Correlations Between Objectively and Subjectively Measured Sleep Parameters
These correlations are presented in Table 3. The sleep questionnaire was not significantly correlated with the objective measures for any sleep parameters. In the PTSD-current group, the sleep diary was significantly correlated with PSG and actigraphy for all sleep parameters except SOL measured by actigraphy. Overall, correlations between actigraphy and the diary were low for SOL. TST measured by the diary was significantly correlated with both PSG and actigraphy in all of the groups except PTSD lifetime. For WASO, correlations between the diary and PSG were significant or marginally significant in all of the groups except trauma positive.
Table 3.
Objective Measures and Morning Sleep Diaries
Table 4 presents means and standard deviations of TST, SOL, and WASO measured by PSG, actigraphy, and morning diaries for each group, as well as results of 2 (sleep measures: sleep diary versus objective measure) × 4 (groups) mixed ANOVAs or ANCOVAs. An ANOVA comparing WASO measured by actigraphy and the diary revealed a significant main effect of measures, indicating underestimation of WASO relative to actigraphy. However, there were no significant interactions, which indicate that the extent of underestimation of WASO did not differ between groups. For SOL, we also found a significant main effect of measures, but not an interaction. Participants overestimated SOL relative to PSG. A significant interaction effect was found in the ANCOVA comparing TST measured by actigraphy and the diary. Post hoc simple effect tests comparing actigraphy and diary TST within each group indicated that participants in the PTSD-lifetime, trauma-positive, and trauma-negative groups overestimated TST, whereas in PTSD-current participants, TST measured by actigraphy and the diary were not significantly different (Figure 1).
Table 4.
We performed the same ANOVAs and ANCOVAs, excluding participants meeting only the current subthreshold PTSD criteria from the PTSD-current group. This did not result in any changes in which effects were significant.
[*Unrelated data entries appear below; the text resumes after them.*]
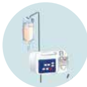
Nutrición Enteral Domiciliaria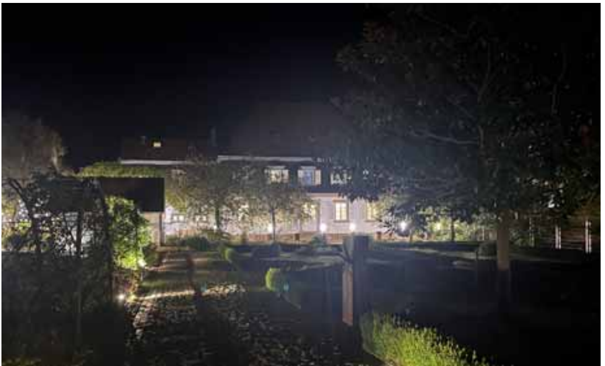
Unser Wochenenddomizil: das Schlössl im südpfälzischen Oberotterbach an der französischen Grenze.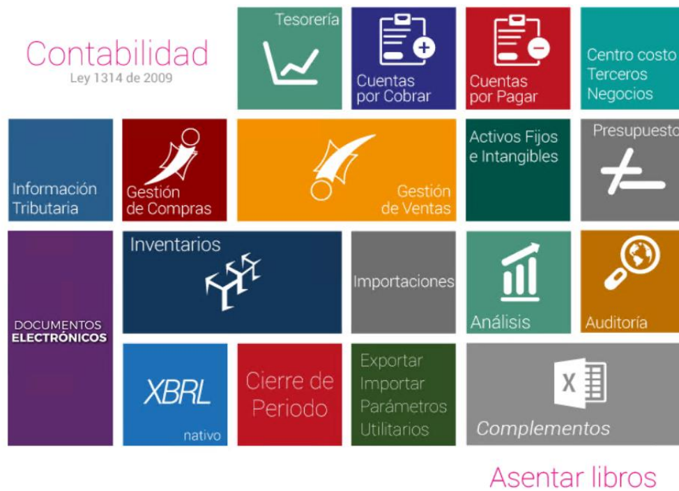
Figura 3. Módulos software Helisa.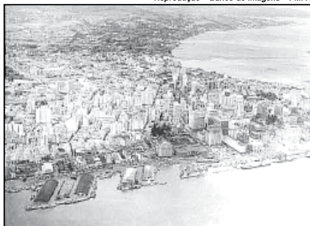
Na época da foto, Porto Alegre tinha 394 mil habitantes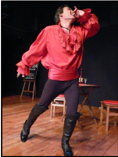
Pleins Feux sur Ruy Blas

Dans votre lycée, proposons ensemble un rendez-vous avec Victor HUGO et/ou Paul VERLAINE une recherche sur la langue et sur la pensée, une sensibilisation par la rime, par le son !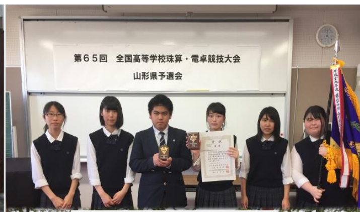
情報処理部 全国大会出場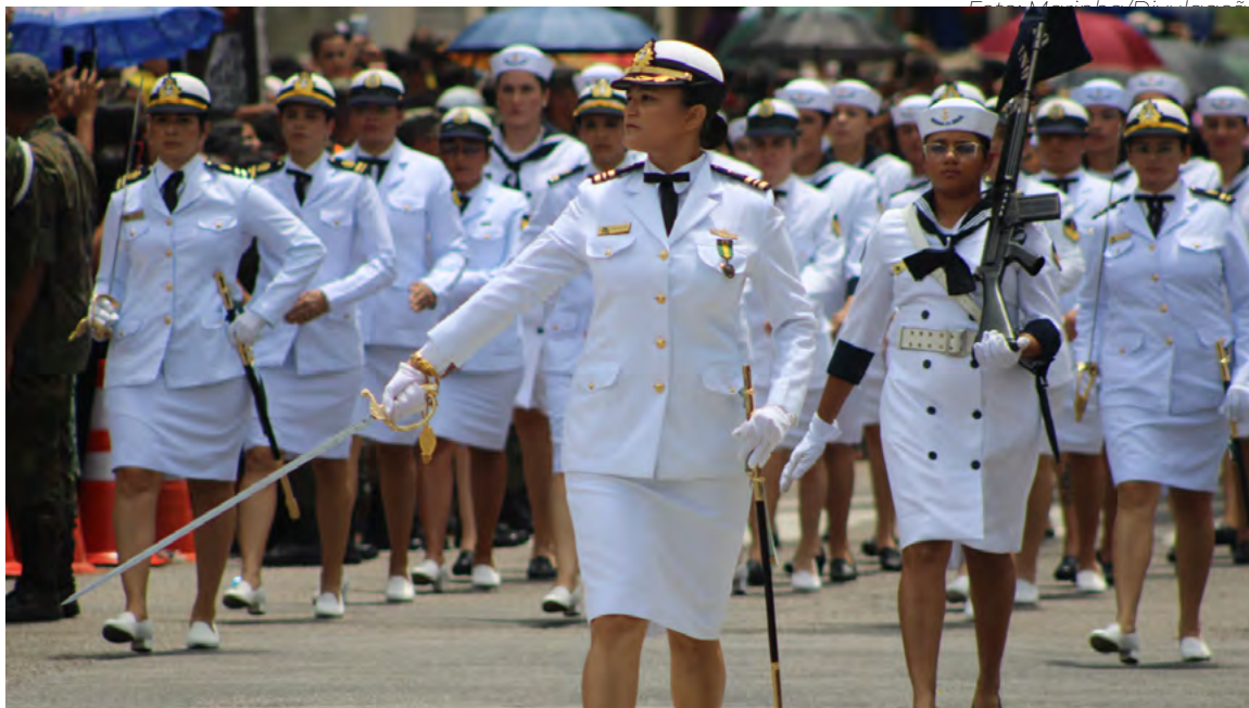
O desfile de 7 de setembro, organizado pela Marinha, está marcado para começar às 8h30

No dia 4, a Banda do 3º Batalhão de Operações Litorâneas de Fuzileiros Navais se apresentará no Natal Shopping, às 19h. Já no dia 5, a Banda de Música da Polícia Militar sobe ao palco do Partage Shopping às 18h30.

Objective Measures and the Sleep Questionnaire
Means and standard deviations of TST, SOL, and WASO measured by PSG, actigraphy, and the sleep questionnaire for each group, as well as results of 2 (sleep measures: sleep questionnaire versus objective measure) × 4 (groups) mixed ANOVAs and ANCOVAs are presented in Table 5. An ANCOVA comparing WASO measured by actigraphy and the questionnaire showed a significant main effect of measure, indicating that participants underestimated WASO relative to actigraphy. An ANCOVA comparing PSG and the sleep questionnaire showed a significant main effect of groups on TST. Post hoc analyses using LSD revealed that the PTSD-current group had shorter TST compared with the PTSD-lifetime (P = 0.006) and that the trauma-positive group had shorter TST compared with the PTSD-lifetime (P = 0.005) and the trauma-negative (P = 0.04) groups. Although the interaction was not significant in the ANOVA comparing SOL measured by PSG and the questionnaire, the effect size was medium (η2 = 0.070). Examination of the mean SOL within each group indicated that the discrepancies between PSG and the questionnaire were greatest in the trauma-negative group (14.7 min underestimation) and smallest in the PTSD-current group (7.1 min overestimation).
Table 5.
We repeated the same ANOVAs and ANCOVAs, excluding participants meeting only the current subthreshold PTSD criteria from the PTSD-current group. An ANCOVA comparing WASO measured by PSG and the questionnaire revealed a significant main effect of group, F(3,73) = 4.64, P = 0.005. Post hoc analyses using LSD indicated that the PTSD-current group had more WASO in comparison with the other 3 groups (PTSD lifetime, P = 0.008; trauma positive, P < 0.001; trauma negative, P = 0.009). There were no other significant changes from the original analyses.
DISCUSSION
This study compared sleep parameters measured by objective (i.e., PSG and actigraphy) and subjective (i.e., diary and questionnaire) assessments in urban-residing African Americans with and without trauma exposure and PTSD. The current study expands on prior studies by using both laboratory PSG and home actigraphy and including participants in 4 different trauma exposure/PTSD categories.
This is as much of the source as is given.